Data extract
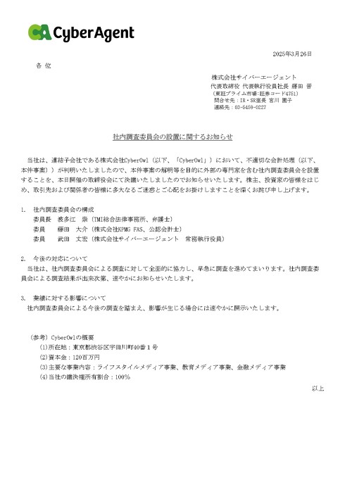 サイバーエージェントは「社内調査委員会による調査に対して全面的に協力し、早急に調査を進める。社内調査委員会による調査結果が出来次第、速やかに公表する」と説明している。「株主、投資家の皆さまをはじめ、取引先および関係者の皆さまに多大なるご迷惑とご心配をお掛けしますことを深くおわび申し上げます」(同社)
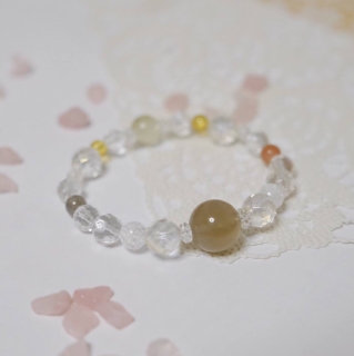 JUGEMテーマ:天然石アクセサリー こんにちは^^ 続きましてブレスレットのご紹介です。 今、ここから始まるブレスレットと名付けました。 使用しました石… ・日本産スモーキークォーツ16mm ・リビアンクラス10mm ・ブルーアンバー6mm ・ムーンストーン4mm ・サンストーン6mm ・ラブラドライト6mm ・アクアオーラカット10mm ・クラック水晶8mm ・水晶ボタンカット ・水晶スターカット サイズは16cmとなっております。変更可能で...
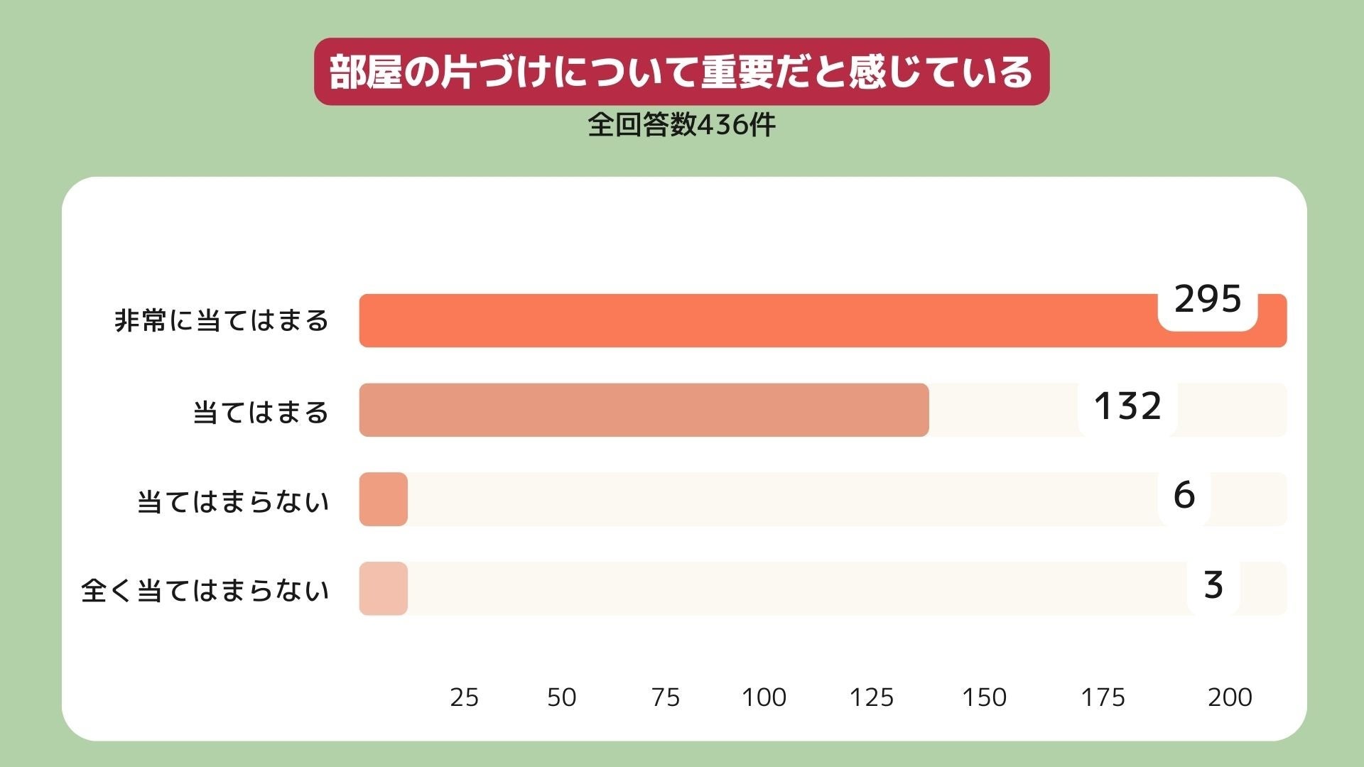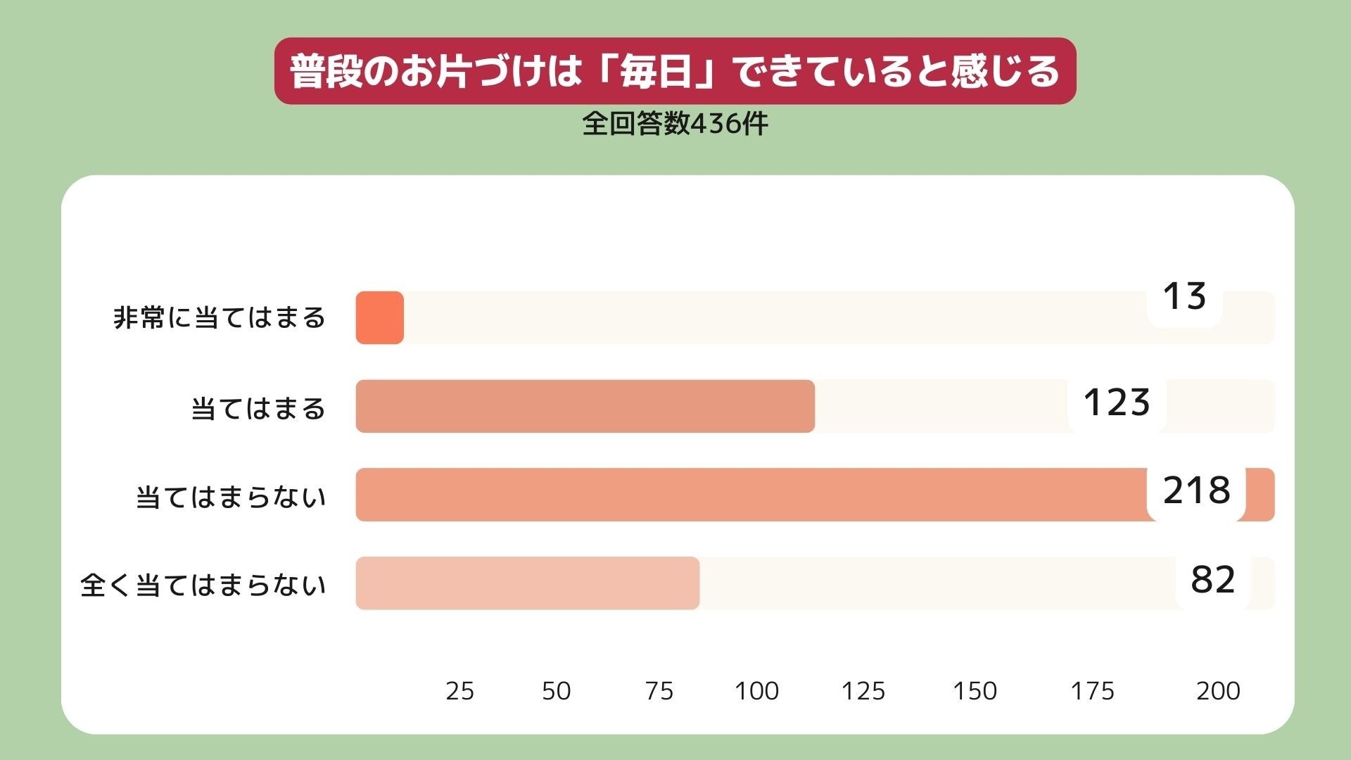 申込者436名中300名(約69%)が片づけは「毎日」できていないと感じていることがわかりました。

Activity
Output nothing but an exact retyping of the material, pictures excluded.

Solved exercise
 サイバーエージェントは「社内調査委員会による調査に対して全面的に協力し、早急に調査を進める。社内調査委員会による調査結果が出来次第、速やかに公表する」と説明している。「株主、投資家の皆さまをはじめ、取引先および関係者の皆さまに多大なるご迷惑とご心配をお掛けしますことを深くおわび申し上げます」(同社)
 JUGEMテーマ:天然石アクセサリー こんにちは^^ 続きましてブレスレットのご紹介です。 今、ここから始まるブレスレットと名付けました。 使用しました石… ・日本産スモーキークォーツ16mm ・リビアンクラス10mm ・ブルーアンバー6mm ・ムーンストーン4mm ・サンストーン6mm ・ラブラドライト6mm ・アクアオーラカット10mm ・クラック水晶8mm ・水晶ボタンカット ・水晶スターカット サイズは16cmとなっております。変更可能で...
 申込者436名中300名(約69%)が片づけは「毎日」できていないと感じていることがわかりました。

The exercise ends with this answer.